Ce qui veut dire que, comme précisé plus haut, Vorenus et Pullo - qui eux n'étaient pas dans l'Atuatuca, mais à des kilomètres de là, dans le camp de Q. Cicéron - pouvaient aussi bien appartenir à une vexillation de la XIIIe ou de la XIVe, qu'à une autre légion.
(Sur les différentes légions de César pendant la guerre des Gaules, renvoyons à notre dossier Vercingétorix.)

Les centurions de César
La documentation de presse, largement répercutée dans les articles rendant compte de la série-TV, affirme que Lucius Vorenus et Titus Pullo sont les deux seuls centurions dont La Guerre des Gaules nous ait conservé le souvenir. Il n'en est rien. César aimait magnifier ses centurions, soldats professionnels, épine dorsale de son armée - au contraire de ses légats, ses «généraux», pour qui le service sous les aigles n'était qu'une étape obligatoire dans la carrière des honneurs, un tremplin pour le monde politique.
Il ne manquait jamais une occasion de les mettre en valeur. Par exemple, César indique rarement les effectifs de ses pertes. La plus importante semble être celle des quinze cohortes massacrées à l'Atuatuca. Mais les VIIe et VIIIe se firent également durement étriller à Gergovie, où les Romains perdirent un peu moins de sept cents légionnaires et... quarante-six centurions (G.G., VII, 51). Il ne faut pas faire un grand effort d'imagination pour comprendre que la perte de ces bas-officiers serait difficilement réparable.
Au long de sa relation, César nomme, presque tous tués ou hors de combat : P. Sextius Baculus, centurion primipile de la XIIe légion qui se distingua contre les Nerviens sur les bords de la Sabis, puis lors de l'attaque du camp de Galba à Octodurus, enfin à celle du camp de Cicéron à l'Atuatuca (3) où il défend, seul, la porte du retranchement (G.G., II, 25; III, 5; VI, 38); Titus Balventius et Quintus Lucanius, deux centurions primipiles, le premier grièvement blessé et le second tué en combattant les Eburons au cours de l'embuscade où tombèrent ses légats Cotta et Sabinus (G.G., V, 35); Lucius Fabius, centurion de la VIIe légion, qui se signala par son courage à Gergovie, montant sur le rempart et y trouvant la mort (G.G., VII, 47, 50), et son collègue Marcus Petronius, héroïque centurion de la VIIIe légion, qui à Gergovie également se sacrifia pour couvrir la retraite de ses hommes (G.G., VII, 50).

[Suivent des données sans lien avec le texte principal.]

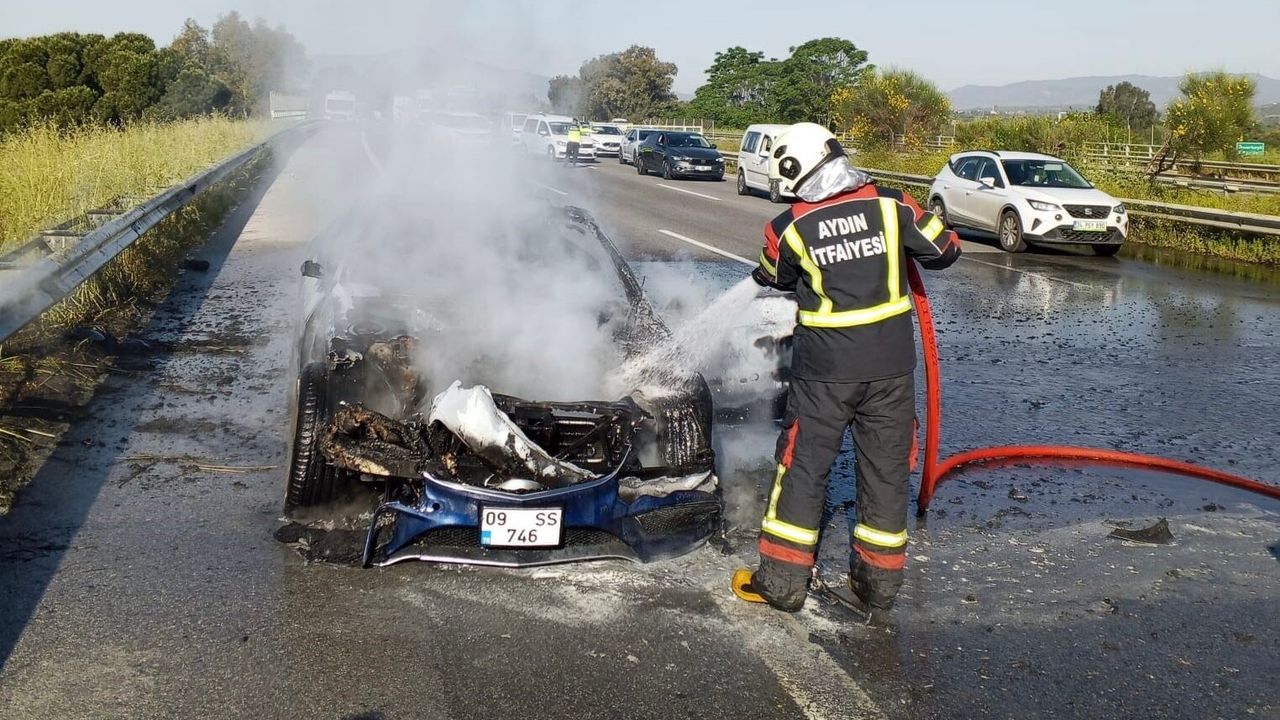 Araç sürücüsü aracını yol kenarına çekerek Acil Çağrı Merkezi’nden yardım istedi. Olay yerine gelen Aydın Büyükşehir Belediyesi itfaiye ekipleri sevk edildi. Olay yerine gelen ekipler otomobildeki yangına müdahale etti. İtfaiye ekipleri otomobildeki yangını söndürürken, araç kullanılmaz hale geldi.
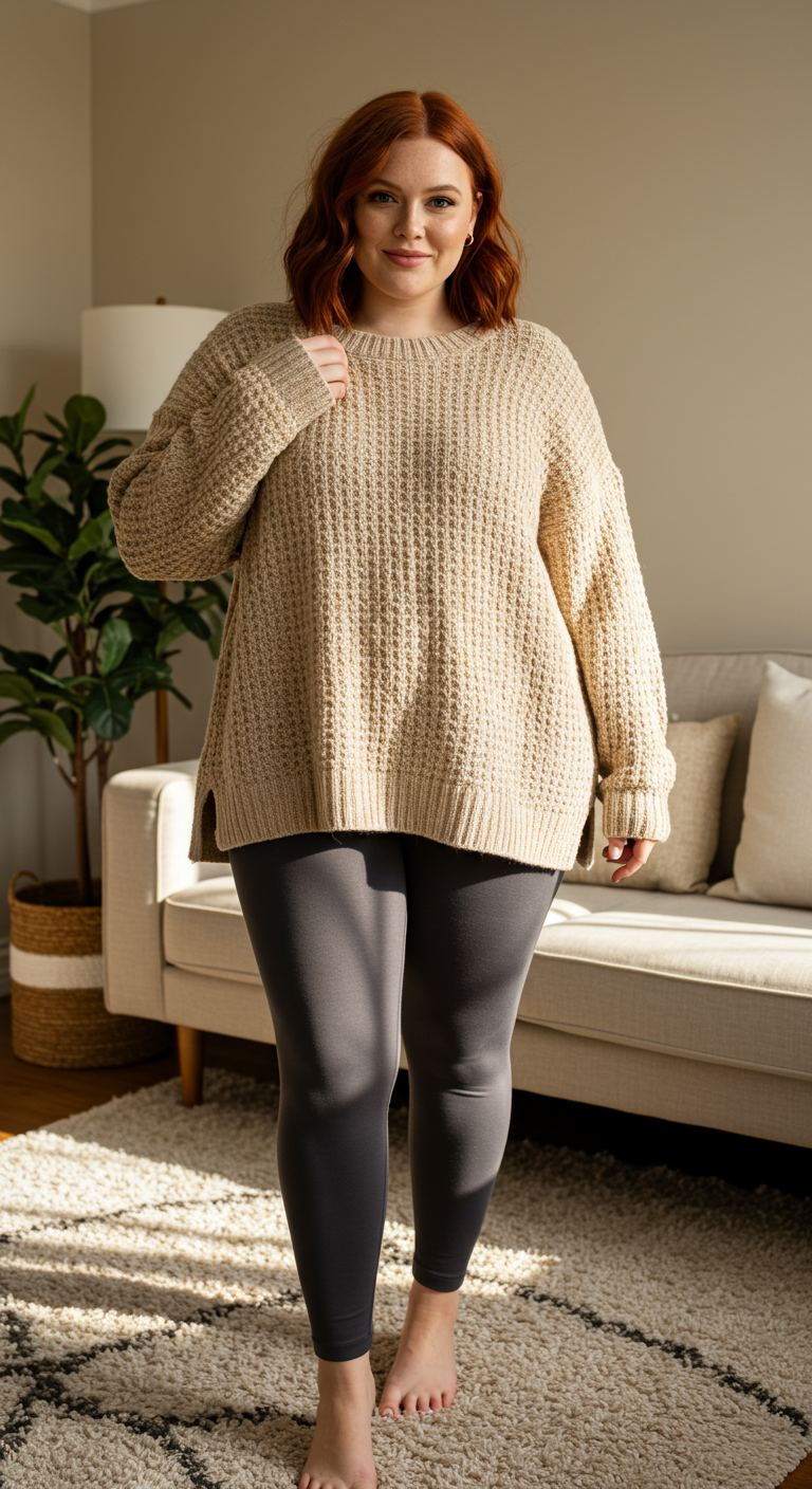 The tactile waffle-knit of the oversized beige sweater creates a wonderfully inviting and relaxed aesthetic, perfect for everyday comfort. Its generous fit and side slits offer ease of movement and a flattering drape over the contrasting dark grey leggings. This simple yet effective pairing is ideal for those who prioritize both coziness and casual elegance, suiting various body types with its forgiving silhouette. An excellent choice for a leisurely weekend, working from home, or a casual coffee outing.
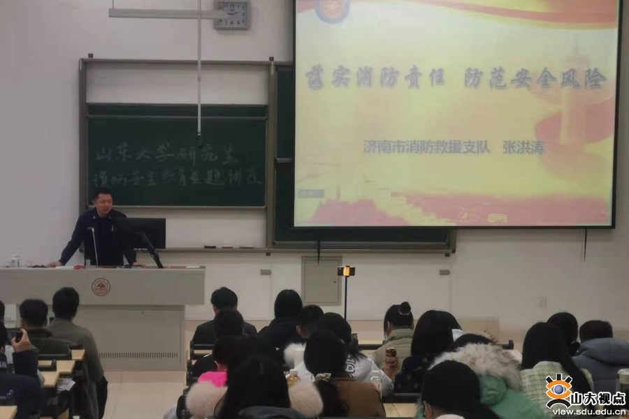 在以“落实消防责任,防范安全风险”为主题的研究生校园消防安全讲座上,济南市消防救援支队火调技术处张洪涛担任主讲,为大家讲解了最近几年发生在高校实验室、学生宿舍的消防案例,配合一张张触目惊心、发人深省的图片和视频,讲述了身边的火灾隐患和防范常识,介绍了当代大学生应该担负的消防责任和义务,让大家对于消防法规、消防安全知识有了更加深切的认识。公安处副处长董太华出席活动,线下线上260余名学生参加学习。
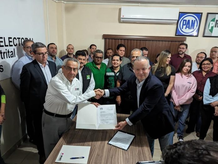 El registro de Canturosas Villarreal se llevó a cabo en las instalaciones del INE en Nuevo Laredo ante la presencia de medios de comunicación que ya esperaban al ahora candidato.
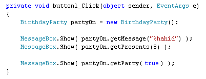 We've created a new BirthdayParty object and called it partyOn. Then comes three message boxes. The first two call the Methods from the HappyBirthday class. The final one calls the Method from the derived class, which is BirthdayParty.
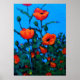 Bright Red Poppies: Blue Sky: Oil Painting Poster
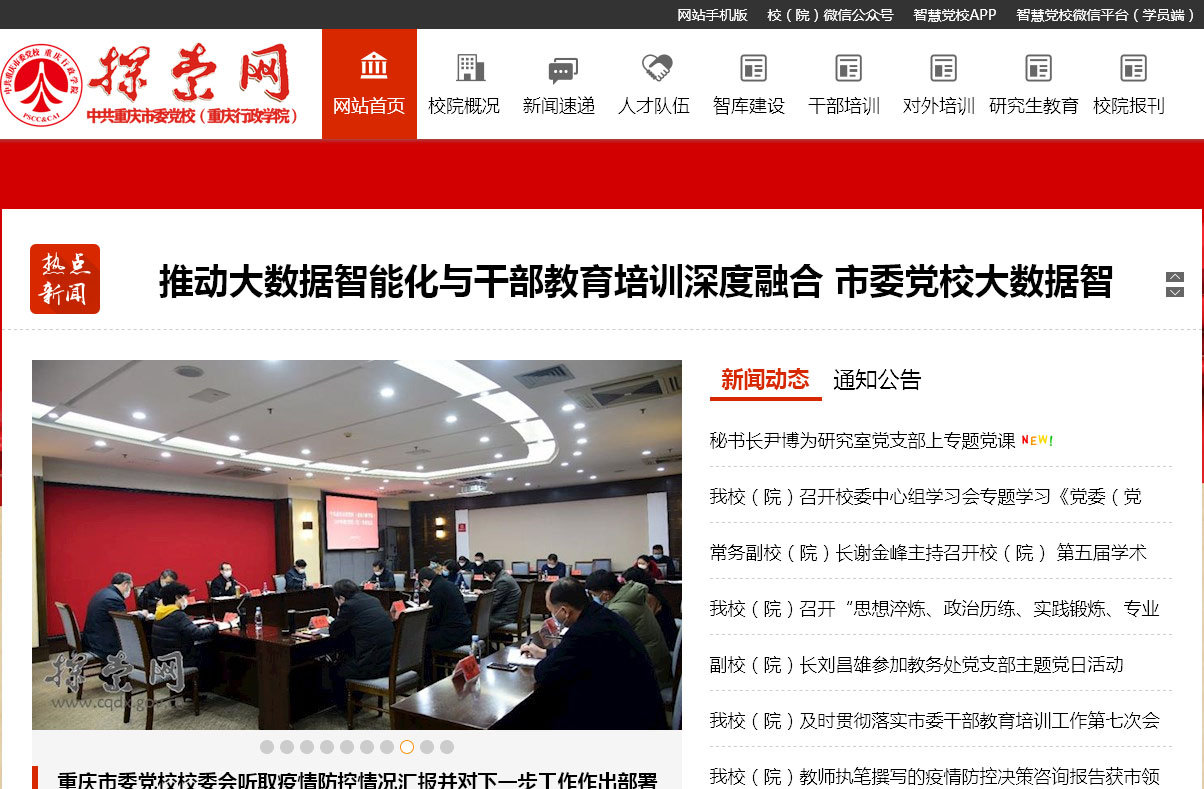 探索网由中共重庆市委党校(重庆行政学院)主办。中共重庆市委党校、重庆行政学院是在中共重庆市委、重庆市人民政府直接领导下培养党员领导干部、理论干部和国家公务员的学校,是培训轮训党员领导干部的主渠道,是开展理论研究和决策咨询的机构,是市委、市政府的重要部门。学校于1997年在原中共四川省委第二党校、原重庆市委党校、原重庆行政学院的基础上组建而成,1999年市委讲师团并入。校园位于重庆市九龙坡区,占地面积360亩,分东、西两院教学办公,是重庆市首批“十佳园林式单位”。建有现代化的综合教学楼、学苑大厦、应急管理培训基地及学员活动中心等主体建筑,可同时容纳1200名学员培训。重庆市委副书记任学锋兼任重庆市委党校校长,市委常委、常务副市长吴存荣兼任重庆行政学院院长。学校下设32个部门,现有在职教职工381人,其中正高级教研人员31人,副高级教研人员53人;享受国务院政府特殊津贴人员3人,市级学术技术带头人3人;具有硕士研究生以上学历215人,其中博士研究生学历64人。学校建有中央党校教学基地、国家行政学院教学科研基地和重庆市应急管理培训基地。目前,学校有3个国家硕士学位授权一级学科点(政治学、马克思主义理论、理论经济学);3个独立的国家硕士学位授权二级学科点(马克思主义哲学、宪法与行政法学、行政管理);3个重庆市高等学校“十三五”市级重点学科(政治学、理论经济学、公共管理);1个专业型硕士学位授权点(MPA)。设有重庆市中国化马克思主义研究中心(重庆市重点人文社科基地)等3个研究中心,办有《探索》《重庆行政》《重庆社科文汇》3个刊物和《重庆党校报》,其中《探索》为全国中文核心期刊、CSSCI来源期刊、中国人文社会科学核心期刊、RCCSEZ中国权威学术期刊,被人大“复印报刊资料”转载量位居全国党校前列。学校数字资源建设走在全国党校前列,荣获中央党校远程教学资源片优秀组织奖和数字资源建设优秀组织奖。学校坚持抓好主业主课,不断深化教学改革,逐步形成了以干部培训为主体,以组织调训和委托培训为两翼的干部培训新格局。探索推进理论教育、传统教育、典型教育、实岗锻炼、党性分析“五大模块”的党性教育系统化,构建了三大基础板块(理论武装、党性修养、能力提升)和三类特色论坛(重庆学习论坛、专题报告会、学员自主讲坛)的“3+3”教学内容体系。广泛运用研究式教学、体验式教学、“2+x”和行动学习法等教学方式。十八大以来,举办经组织部调训的各类班次274个,培训干部24130人次。举办各类委托培训班次709期,培训了包括来自北京、上海、广东、四川等省市干部48919人次。学校坚持推进教学科研咨询“三位一体”,不断加强思想库建设。十八大以来,在省级以上公开刊物发表文章893篇,出版学术专著58部,获省部级以上课题187项,其中国家级课题41项(立项总数名列西部省市党校第一)。服务市委、市政府的决策咨询专刊《领导视窗》,报送535期,获市领导批示302期509人次。资政成果曾获李克强、张德江、王岐山、汪洋、孟建柱等中央领导的重要批示。学校先后获得“全民国防教育先进单位”“全国模范职工之家”“重庆市科学技术奖获奖单位”等殊荣。连续两届同时获得中央党校教学管理奖、精品课奖和首届行政学院系统精品课。在国家行政学院组织的贯彻落实《行政学院工作条例》督查评估中荣获“优秀”等次。党的十八大以来,学校连续6年在全市年度目标考核中,被评为优秀等次,校委班子连续5年被评为“先进领导集体”。

César évoque aussi ses tribuns : Marcus Aristius, tribun militaire, arrêté au sortir de Chalon par les Eduens soulevés (G.G., VII, 42, 43); Quintus Laberius Durus, tribun militaire, tué au cours de la seconde expédition de Bretagne (G.G., V, 15). Quintus Velanius, Titus Silius, Titus Terrasidius et Marcus Trebius Gallus, tous préfets ou tribuns militaires de la VIIe légion de P. Crassus, en 56, avaient été envoyés acheter des vivres les deux premiers chez les Vénètes, le troisième chez les Esuvii (Uxelles) et le quatrième chez les Coriosolites; ils furent pris et retenus comme otages par ces peuples. Mais César ne nous dit pas comment se termina pour eux leur tragique mésaventure (G.G., III, 7, 8).
En revanche, on peut suivre à la trace la carrière de Caius Volusenus Quadratus, tribun militaire à la XIIe en 56 (4), que l'année suivante Servius Sulpicius Galba chargea d'opérer une reconnaissance sur les côtes de la Grande-Bretagne. En 53, il commanda un corps de cavalerie pendant l'expédition contre les Eburons. Il reçut la mission de tuer par trahison l'Atrébate Commios, mais ne réussit qu'à le blesser. Il s'attacha alors à Marc Antoine comme préfet de la cavalerie dans le pays des Atrébates, et, au cours d'une échauffourée fut grièvement blessé de la main de Commios en personne. Tribun du peuple en 43, Volusenus restera un des fidèles partisans d'Antoine (G.G., III, 5; IV, 21, 22; VI, 41; VIII, 23, 48).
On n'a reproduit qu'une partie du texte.